Short texts show students way into literature

July 18th, 2008

Assigning a full-length novel to a group of middle or high school students is probably met with a lot of eye-rolling and groaning. Many students will struggle to complete the book and those who do may read it quickly and superficially. Teachers often find themselves sacrificing valuable classroom time to allow students to read the book, leaving little time for discussion.

Members of the Mosaic Listserv — a discussion group devoted to teachers who want to help their students become thoughtful, independent readers — recently participated in an online discussion about a book that suggests using shorter texts as a way to expose students to a wide range of literature while deepening their comprehension. In Less Is More: Teaching Literature with Short Texts, Grades 6-12, Kimberly Hill Campbell encourages teachers to look beyond novels to engage students, and embrace a richer variety of literature, including graphic novels, short stories, and essays.

She argues that not all students are ready — or in many cases willing — to take on a full-length novel and that short stories provide most students a way into literature. “When students are confronted solely and consistently with texts that are complex and lengthy, there is resistance, a tendency to disengage and to look for shortcuts that may help complete a required assignment but that circumscribe or even totally avoid actual reading,” writes Leila Christenbury in the book’s foreword.

Many of the teachers participating in the Mosaic discussion found themselves in that situation: trying to coax middle and high school students into reading lengthy pieces of required literature in a limited timeframe, and engage them in meaningful discussion about the piece. Leslie Popkin, a literacy coach from Bellerose, NY, shared that “as a coach in a K-8 building, writing a curriculum for the upper grades that is workable and meaningful has been a challenge. The reading of Less Is More couldn’t have been more timely.” She added that the strict time constraints faced by middle school teachers makes fitting all the components of balanced literacy into the confines of a middle school ELA program very difficult. “This book is a superb source for high school teachers,” Popkin wrote, “and a good one as well for middle school teachers.” She considers the book a “must-read” for teachers of grades 6 through 8 and thinks that the strategies from the book can be used at almost any level.
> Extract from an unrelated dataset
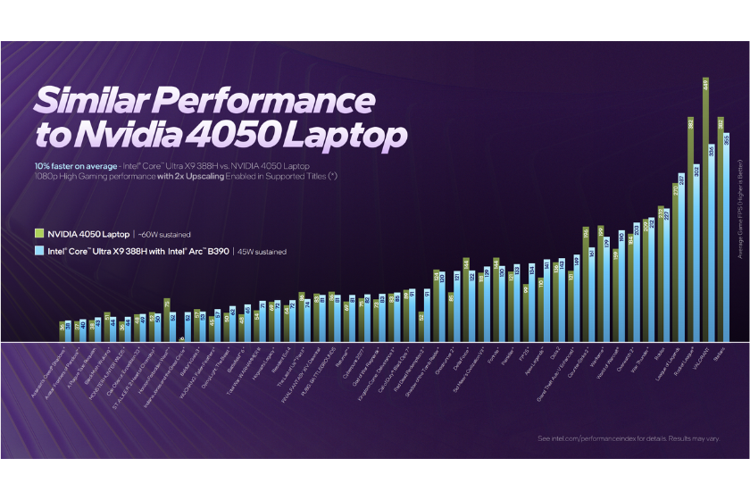 Durch die neue 18A-Halbleiterstruktur soll laut Intel aber dennoch deutlich verbesserte Leistungswerte erzielt werden: Das Flaggschiff der Panther Lake-Prozessoren, der Core Ultra X9 388H, liefert bis zu 60% verbesserte Multithread-Leistung als noch der Ultra 9 285H der Lunar Lake-Ära. Für Gaming-Anwendungen ist sogar von 76% die Rede. Intels Core Ultra 300-Serie erreicht auf dem Papier also beeindruckende Leistungsverbesserungen bei ebenfalls stark verbesserter Energieeffizienz.

Heather Rockensock, a literacy coach from Holmen, WI, shared that she had a hard time helping her reading and writing teachers integrate learning strategies into their teaching. “As soon as I read this book, I knew that I had a solution to my problem,” Heather wrote. Instead of struggling with trying to fit full-length novels — and the time it takes to read them — into the allotted time, Heather and other teachers are now adding shorter texts to their library. Rockensock’s students in the eighth grade are beginning their study of the Holocaust. Reading the usual required texts — The Diary of Anne Frank and The Devil’s Arithmetic — “would take forever,” she said. “I am excited to say that we are adding picture books, short stories, and graphic novels to our collection…I can’t wait to see how this enriches our discussions because now we will have time to actually have discussions!” The eighth-graders will also write a memoir as part of the unit and Rockensock says that she can already see the advantages of exposing students to various forms of literature.

Donna DeTommaso, an ESL teacher from Hatfield, PA, said that she likes to use short texts to provide her students the opportunity to reread the piece multiple times and to dig deeper into the text. Inspired by the book, DeTommaso read the story Charlie by Shirley Jackson to her students. “Sometimes I get so hung up on having them muddle their way through it that I don’t choose to do this. Kimberly inspired me to back up and do more it,” she said. She then asked her students to reread the story on their own and used Campbell’s strategies to teach the class about foreshadowing and inferring.

Amy Windus, a fifth-grade teacher from Scio, NY, is also faced with trying to fit a lot of material into a limited amount of time. She believes that the strategies in Campbell’s book will not only help alleviate the time issue by using shorter texts, but will also allow students to read, re-read, and truly engage with the text in a meaningful way. “In my opinion, this is actually one of the greatest benefits of shorter texts,” she said. “Once they’ve been read and students understand the content, you are then free to re-examine them from any number of lenses, depending on the skill, strategy, or craft that you want students to understand.”